Calgary South

Defunct provincial electoral district
- Legislature: Legislative Assembly of Alberta
- District created: 1960
- District abolished: 1971
- First contested: 1963
- Last contested: 1967

= Calgary South (provincial electoral district) =

Defunct provincial electoral district in Alberta, Canada

Calgary South was a provincial electoral district in Calgary, Alberta, Canada, from 1963 to 1971. The district was one of 63 districts in 1963, and 65 in 1967, mandated to return a single member to the Legislative Assembly of Alberta using the first past the post method of voting.

==History==
The Calgary South electoral district, covering southeast Calgary, was created in the early 1960s from Calgary-South East, Gleichen, and Banff-Cochrane electoral districts. The district was abolished in the 1971 electoral boundary re-distribution to form both Calgary-Egmont and Calgary-Millican electoral districts.

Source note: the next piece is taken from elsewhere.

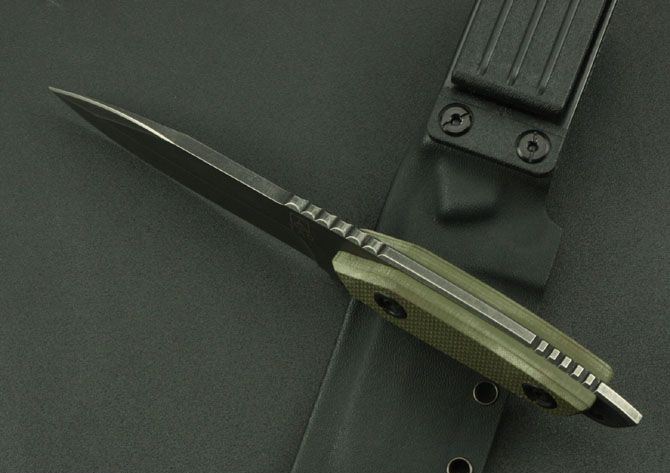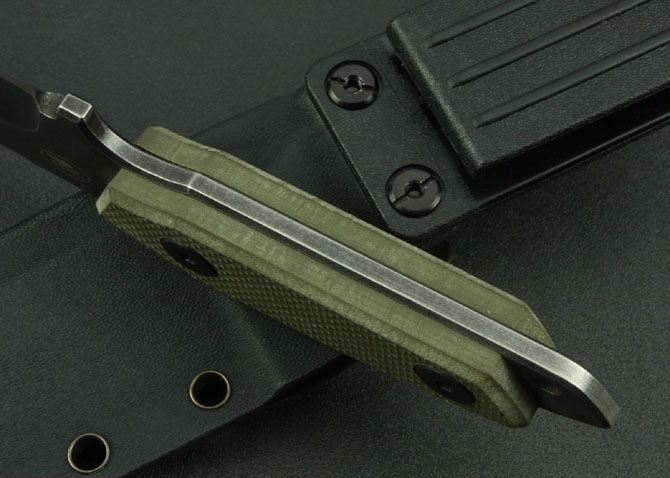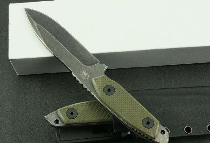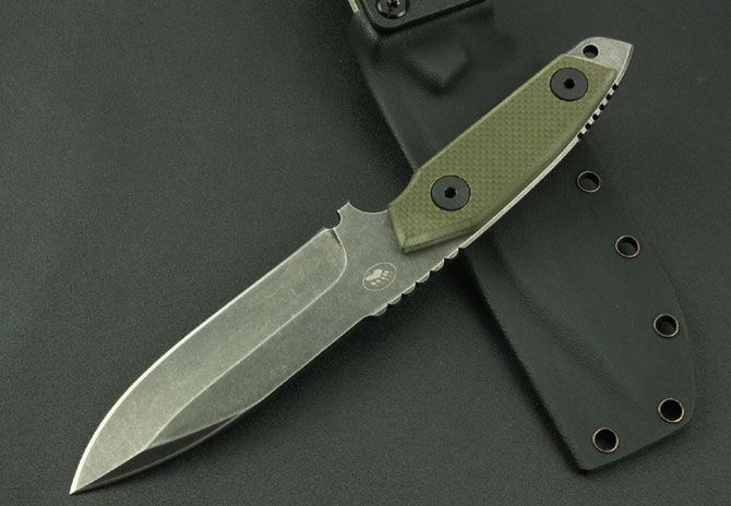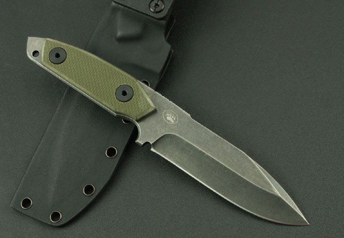 材 质:9CR18MOV (锻打) 刃面打磨:双面磨 热 处 理:真空+深冷处理 主要性能:切,割,削为主,超凡耐磨性保持性 硬 度:60±1HRC 表面处理:怀旧亚光处理 手 柄:G10手柄 尺 寸:223MM(长)、4.9MM(厚) 配 件:加厚K鞘、携带系统

===Members of the Legislative Assembly (MLAs)===

Members of the Legislative Assembly for Calgary South
| Assembly | Years | Member |  | Party |
See Calgary-South East electoral district from 1959-1963, Gleichen electoral district from 1905-1963 and Banff-Cochrane electoral district from 1940-1963
| 15th | 1963–1967 |  | Arthur J. Dixon | Social Credit |
| 16th | 1967–1971 |
See Calgary-Egmont electoral district from 1971-2012 and Calgary-Millican electoral district from 1971-1993

==Election results==

===1963===

v; t; e; 1963 Alberta general election
| Party | Candidate | Votes | % | ±% |
|  | Social Credit | Arthur J. Dixon | 5,661 | 60.79% | – |
|  | Liberal | Howard G. Cook | 2,529 | 27.16% | – |
|  | New Democratic | John N. Smith | 1,123 | 12.06% | – |
| Total |  |  | 9,313 | – | – |
| Rejected, spoiled and declined |  |  | 43 | – | – |
| Eligible electors / turnout |  |  | 21,575 | 43.37% | – |
Source(s) Source: "Calgary-South Official Results 1963 Alberta general election". Alberta Heritage Community Foundation. Retrieved May 21, 2020.

===1967===

v; t; e; 1967 Alberta general election
| Party | Candidate | Votes | % | ±% |
|  | Social Credit | Arthur J. Dixon | 5,401 | 41.95% | -18.84% |
|  | Progressive Conservative | Joe Clark | 4,940 | 38.37% | – |
|  | New Democratic | Jack D. Peters | 1,388 | 10.78% | -1.28% |
|  | Liberal | Willis E. O'Leary | 1,146 | 8.90% | -18.25% |
| Total |  |  | 12,875 | – | – |
| Rejected, spoiled and declined |  |  | 59 | – | – |
| Eligible electors / turnout |  |  | 21,159 | 61.13% | – |
|  | Social Credit hold |  | Swing |  | -15.02% |
Source(s) Source: "Calgary-South Official Results 1967 Alberta general election". Alberta Heritage Community Foundation. Retrieved May 21, 2020.